Le Tribunal n'est pas non plus suffisamment informé sur la persistance et l'importance des préjudices subis par la locataire, étant précisé que les réclamations de Madame [Y] n'ont été formulées pour la première fois que par ses conclusions.
Dès lors il y a lieu d'ordonner une expertise, et de surseoir à statuer sur les demandes reconventionnelles.

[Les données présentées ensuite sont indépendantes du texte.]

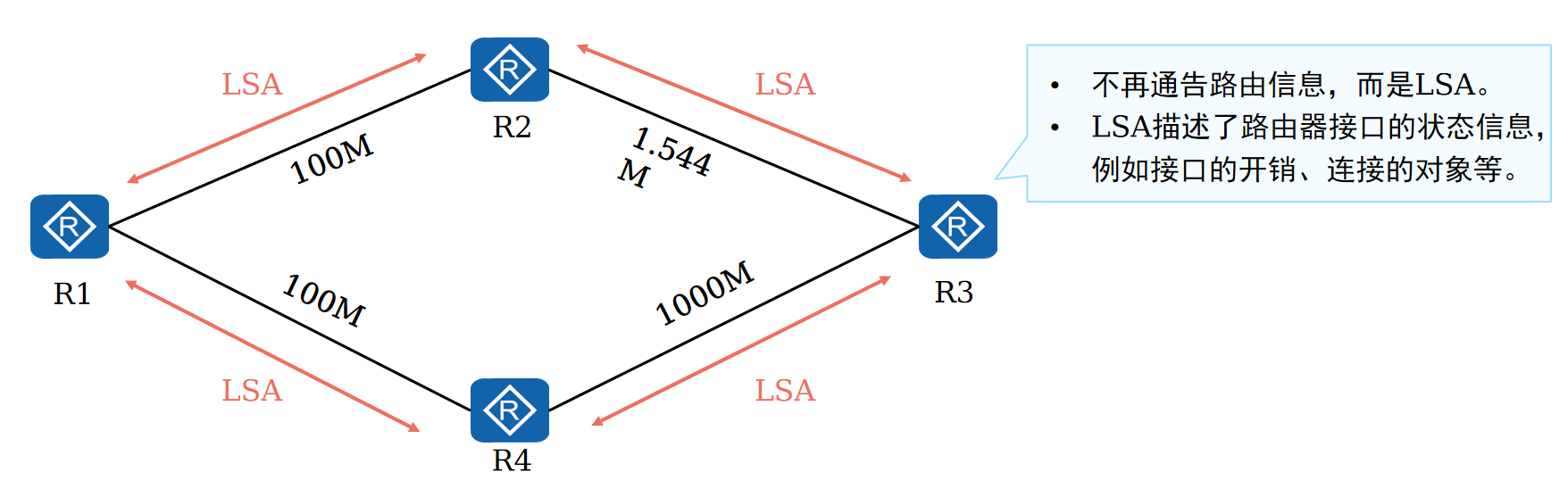 与距离矢量路由协议不同,链路状态路由协议通告的的是链路状态而不是路由表。运行链路状态路由协议的路由器之间首先会建立一个协议的邻居关系,然后彼此之间开始交互LSA(Link State Advertisement,链路状态通告)。

Il y a lieu d'écarter l'exécution provisoire dans la mesure où d'éventuels dommages et intérêts pourraient se compenser avec la dette locative.
PAR CES MOTIFS
Le juge des contentieux de la protection, statuant après débats publics, par décision rendue par mise à disposition au greffe, contradictoire et en premier ressort,
Suspend les effets de la clausde résolutoire insérée au bail signé entre les parties ;
Condamne Madame [Y] [E] à payer à la SA LOGIS METROPOLE la somme de 4086,55 euros en deniers ou quittances valables, représentant les loyers, charges échus avec intérêts au taux légal à compter du jugement;
Dit que Madame [Y] [E] devra s'acquitter de cette somme par mensualités de 120 euros, payables le 10 de chaque mois et pour la première fois le 10 du mois suivant la signification du présent jugement en sus du loyer courant ;
Rappelle que les mensualités sont payables en plus du loyer courant ;
Dit qu'en cas de non paiement d'une seule de ces mensualités l'intégralité de la somme retant due deviendra immédiatement exigible et la clause résolutoire sera automatiquement acquise à compter de la date de la première de ces mensualités impayées ;
Dit que dans ce cas à défaut d'avoir quitté les lieux dont s'agit dans les deux mois du commandement de délaisser Madame [Y] [E] et tout occupant de son chef pourra être expulsée, et ce, si besoin est, avec le concours de la force publique ;
Condamne Madame [Y] [E] au cas où la clause résolutoire reprendrait effet, à payer chaque mois pour lequel elle sera restée dans les lieux une indemnité d'occupation égale au montant du loyer actuel charges comprises, soit 593,28 euros ;
Dit que la part correspondant aux charges dans cette indemnité d'occupation pourra être réajustée au cas où les charges de l'année dépasseraient la provision ;
Déboute la SA LOGIS METROPOLE de sa demande sur le fondement de l'article 700 du Code de Procédure Civile;
Ecarte l'exécution provisoire du présent jugement ;
et Avant Dire Droit, sur les demandes reconventionnelles ;
Ordonne une mesure d'expertise ;
Commet pour y procéder :
Monsieur [T] [M]
[Adresse 5]
[Localité 4],
Avec mission - tous droits et moyens des parties étant réservés, les parties entendues ainsi que tous sachants s'il y a lieu, connaissance prise de tous documents, en s'entourant de tous renseignements à charge d'en indiquer la source de :
- se rendre sur les lieux,
- décrire leur état et les désordres qui l'affectent, en indiquer la cause ; préciser si le logement peut être considéré comme salubre,
- décrire les travaux propres à y remédier notamment au regard de la loi du 13 décembre 2000 et le décret du 30 janvier 2002 sur le logement décent, chiffrer leur coût; indiquer leur durée prévisible,
- d'une manière générale, donner tous éléments techniques et de fait de nature à permettre à la juridiction saisie d'apprécier les responsabilités encourues et les préjudices subis, en précisant notamment si le loyer pratiqué est conforme à l'état du logement et dans la négative quelle pourrait être la diminution de loyer à appliquer, chiffrer le préjudice subi par le locataire ;
Dit que l'expert devra déposer son rapport dans les 3 mois de l'acceptation de sa mission ;
Dit n'y avoir lieu à fixation d'une provision, Madame [Y] bénéficiant de l'Aide Juridictionnelle Provisoire Totale ;
Dit que les opérations d'expertise s'effectueront sous le contrôle du Juge du Tribunal Juridiciaire chargé du contrôle des expertises ;
Dit qu'en cas d'empêchement de l'expert il sera pourvu à son remplacement par simple ordonnance rendue sur requête ;
Susoit à statuer sur les demandes de Madame [Y] ;
Renvoie l'affaire à l'audience du :
JEUDI 23 MAI 2024 à 13h30 en Salle 1.16
au Tribunal d'Instance de LILLE
[Adresse 6]"
[Adresse 6]
[Localité 4] ;
Réserve les dépens.
Ainsi jugé et prononcé le 8 Février 2024 par mise à disposition au greffe.